E-mail is a wonderful thing, but any user will be plagued by an unbelievable amount of ‘spam’. Unwanted messages sent out in the hope that maybe one in ten thousand may hit a useful target. It’s worse than junk mail, because at least junk mail pays a stamp and helps keep the public mail service in being. One pushy person can waste the time of ten thousand recipients at very little cost to themselves.
I think it needs regulation, and in fact a stamp. Say 10p per recipient, with companies own internal e-mail exempt, you could write to 20 friends for the price of a beer. It would be a user choice, you could refuse ‘unstamped’ e-mail except from people you knew.

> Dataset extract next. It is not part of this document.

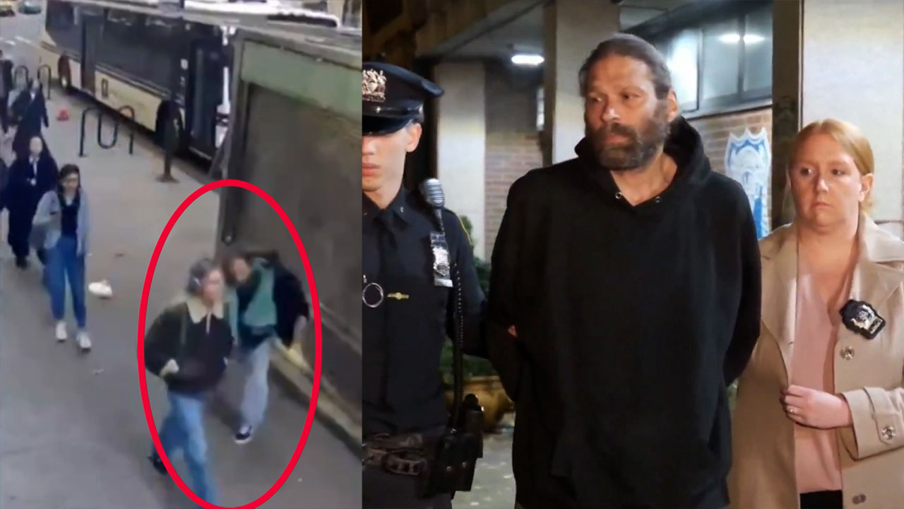 미국 뉴욕 로어맨해튼의 한 거리에서 남성이 갑자기 지나가던 여성을 때립니다.

The idea of a stamp on e-mail was floated last year as a joke, and caused horror among the net-libertarians. The failure of the real world to act according to their beliefs has only made them more determined to create the world of their choice without any state rules and regulation.

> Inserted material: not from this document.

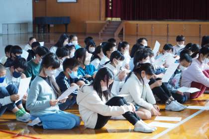 今日の昼休みにたてわり読み聞かせの説明がありました。
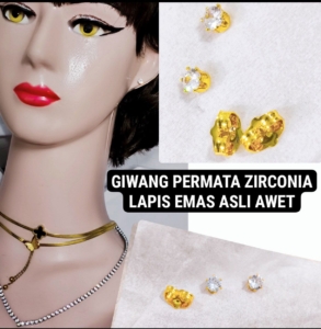 GIWANG PERMATA ZIRCONIA 4mm LAPISAN EMAS PREMIUM GOLD ANAM4mm

It is a truth well understood by all Californians that people left alone will behave exactly like the better sort of Californian. This from a territory which the US government seized from Mexico by superior use of armed force—though the quiet and almost defenceless Native Californians were mostly exterminated informally, hunted and killed by white settlers without the need for the US Army to help out.
That’s Libertarian Freedom. Not vulgar freedom, people doing what they like, quite possibly stupid or self-destructive or quite unlike what you hoped they would do. No, this is Reinvented freedom. When a rule or regulation interferes with your own chosen life-style, it’s TYRANNY! When it’s only someone else’s chosen life-style, it’s bureaucracy. When it stops something you want stopped, one must be pragmatic in an imperfect world.
The long-running dispute that began with a clumsy partition still threatens war. But war over what?
India wants no more of Kashmir, nor any part of undisputed Pakistan. They might be attracted by the thought of a quick cheap war, but (M) had made it clear he would escalate if this was tried, even to the extent of using nuclear weapons.
India’s presence in Kashmir depends on a single key road, quite close to the border. Supposing Pakistan used a nuclear bomb to cut it?
Pakistan would like to take Indian Kashmir and avenge their defeat over Bangladesh. But it seems agreed that they are unlikely to win a conventional war.
The prospect of war seems to suit both the rival governments, it encourages patriotism. But an actual war, with the certainty that either side would use nuclear weapons if they faced defeat from conventional forces? It makes no sense.